На ступеньку рядом с ним присел молодой мужчина с прилипшей к нижней губе сигаретой. Его коричневая куртка была заношена до блеска. Около тридцати лет, с заросшим трехдневной щетиной лицом и длинными каштановыми волосами, собранными в хвост. Он имел прокуренные зубы цвета желтого мела, карие глаза и шрам в виде полумесяца под правым глазом. На протяжении последних трех лет он был героиновым наркоманом и одновременно — источником, из которого Ло Манто черпал информацию о происходящем на улицах города. Эта информация была вполне надежной, и, несмотря на то что парень принадлежал к разряду так называемых уличных отбросов, он пользовался доверием со стороны членов каморры среднего уровня, которые продавали ему наркотики. Ло Манто уже с десяток раз предпринимал попытки устроить его в какой-нибудь реабилитационный центр, чтобы тот избавился наконец от наркотиков и зажил нормальной жизнью, но каждый раз сталкивался с неудачей, напрасно тратя нервы, теряя время и ценную информацию.
— Сообщил тебе Альберто то, что ты хотел знать? — спросил информатор.
— Это наше с ним дело, — ответил Ло Манто, продолжая разглядывать проходящих мимо людей. Информатор пододвинулся ближе, и на детектива накатила тяжелая волна запаха пота и немытого тела.
— Они тебе что-то сделали, или это был обычный полицейский рейд? Даже аресты не расстраивают боссов больше, чем стрельба, потому что они всегда могут вытащить своего человека из тюрьмы, а если его пристрелят, остается только послать цветы на могилу.
— Знаешь что, Пепе? Купи газету. Я всегда так делаю, когда хочу узнать свежие новости. Но когда мне нужна информация, я обращаюсь к тебе. Вот и давай выгладывай, что у тебя есть.
— А с чего ты взял, что у меня что-то есть?
Ло Манто повернул голову и посмотрел на потрепанного парня с сигаретой во рту и широкой улыбкой на тонких бескровных губах.
— Я в этом уверен и готов поставить на кон твою жизнь.
Улыбка сползла с лица Пепе, он выплюнул окурок и раздавил его каблуком старого ботинка.

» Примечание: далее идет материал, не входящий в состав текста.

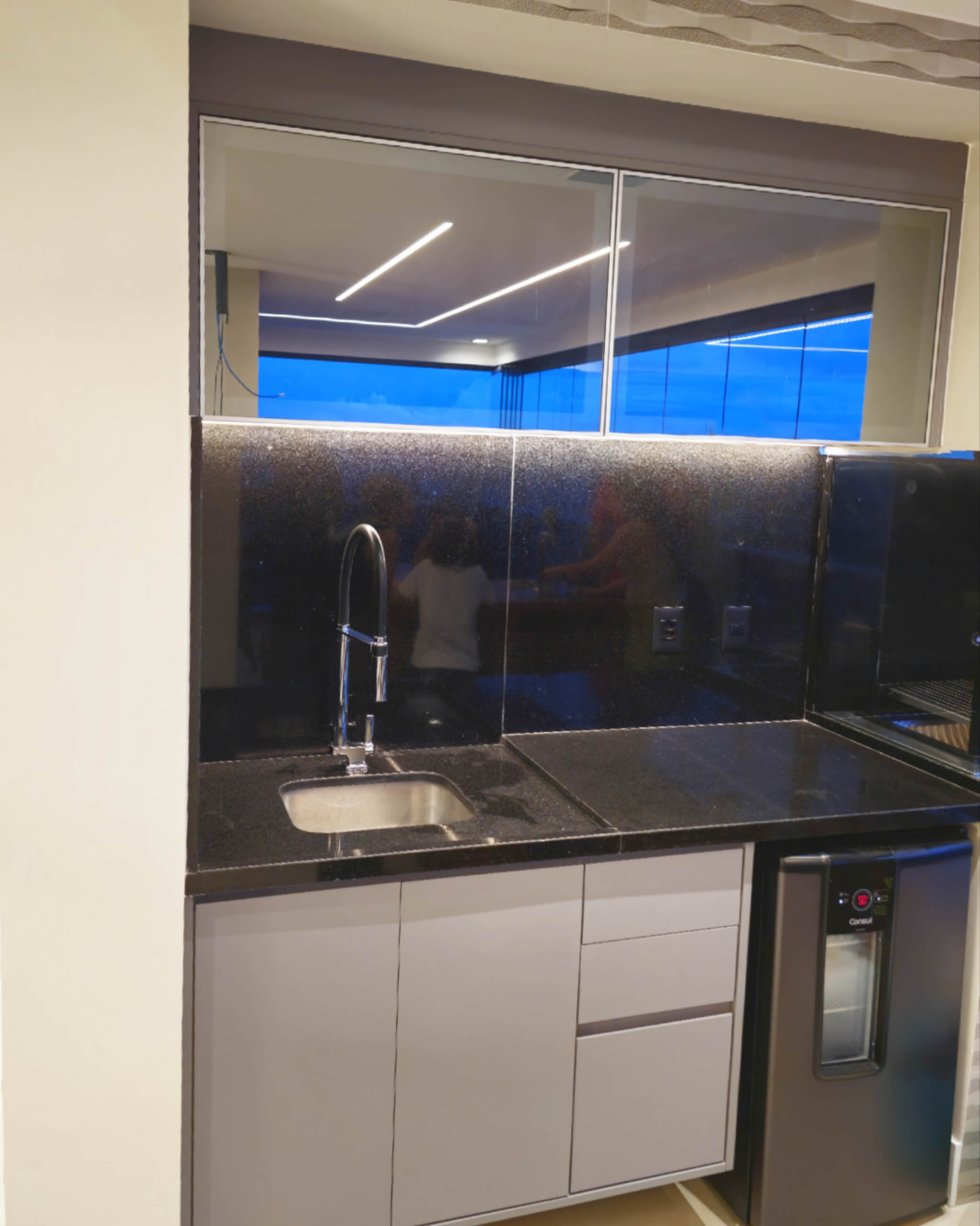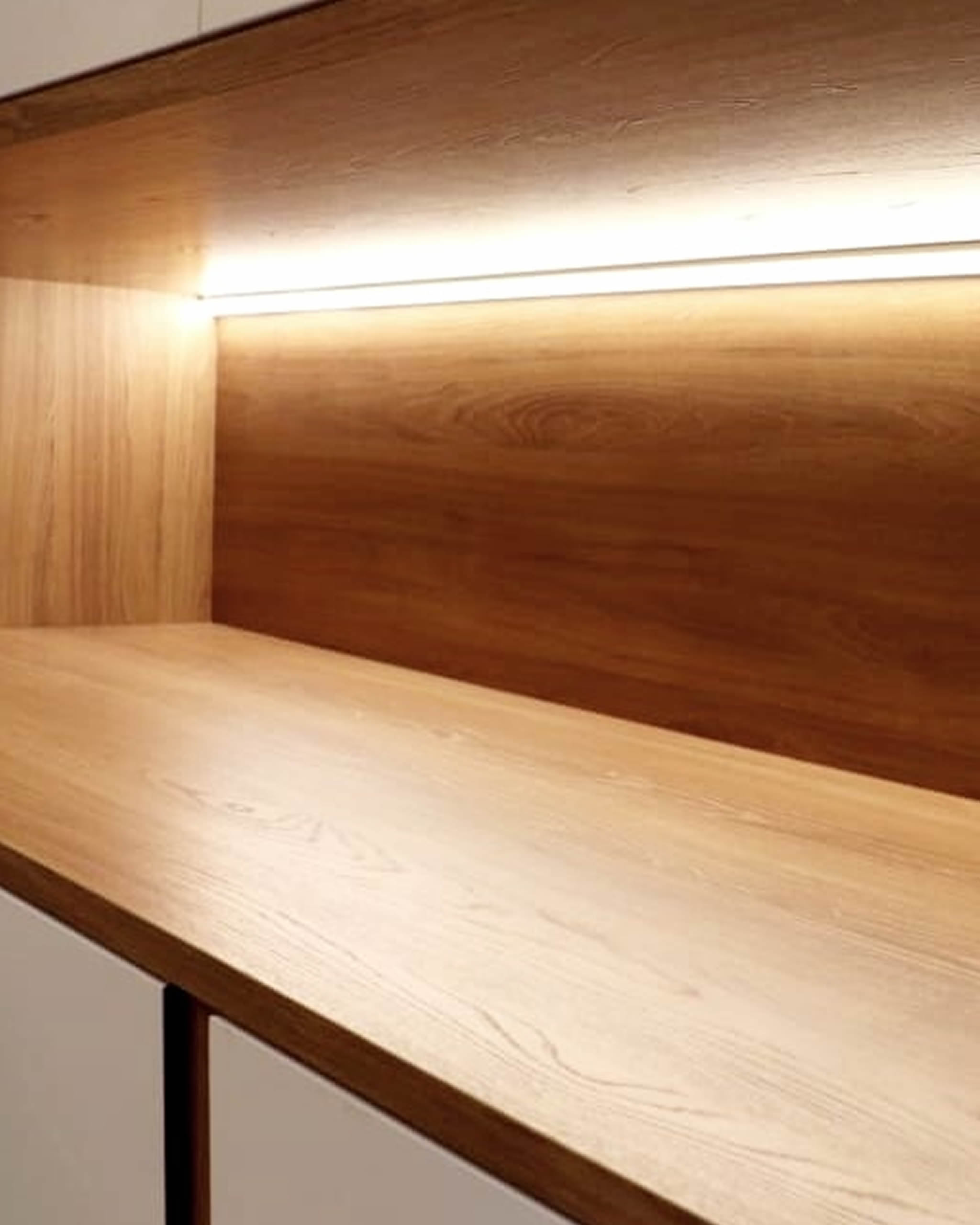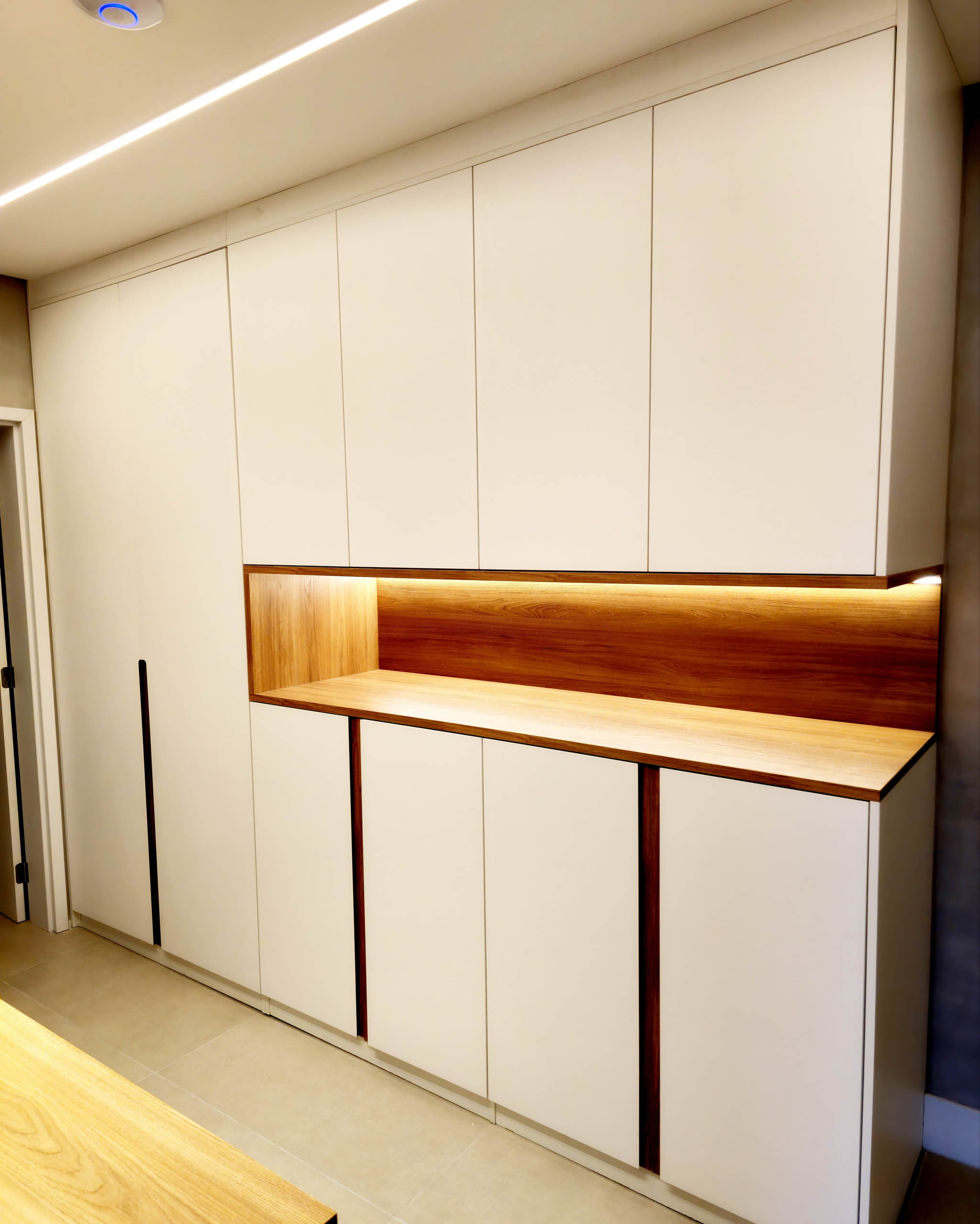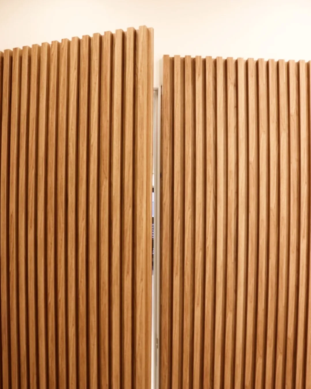A project that used a lot of glass doors, slatted panels, beaded panels, and leather pattern laminate panels.

— Всех наркош в городе колбасит. Невозможно найти дозу, чтобы вмазаться. Такого не было со времени визита папы, когда всех барыг зачищали под мелкую гребенку, но даже тогда это продолжалось всего несколько дней.
— И с чем все это связано?
— Готовится что-то крупное, — ответил Пепе. — Мой барыга сказал, чтобы я подождал до середины недели. Тогда, говорит, будет столько дури, что хватит на месяц, причем первоклассного качества, а не того дерьма, которое толкали раньше.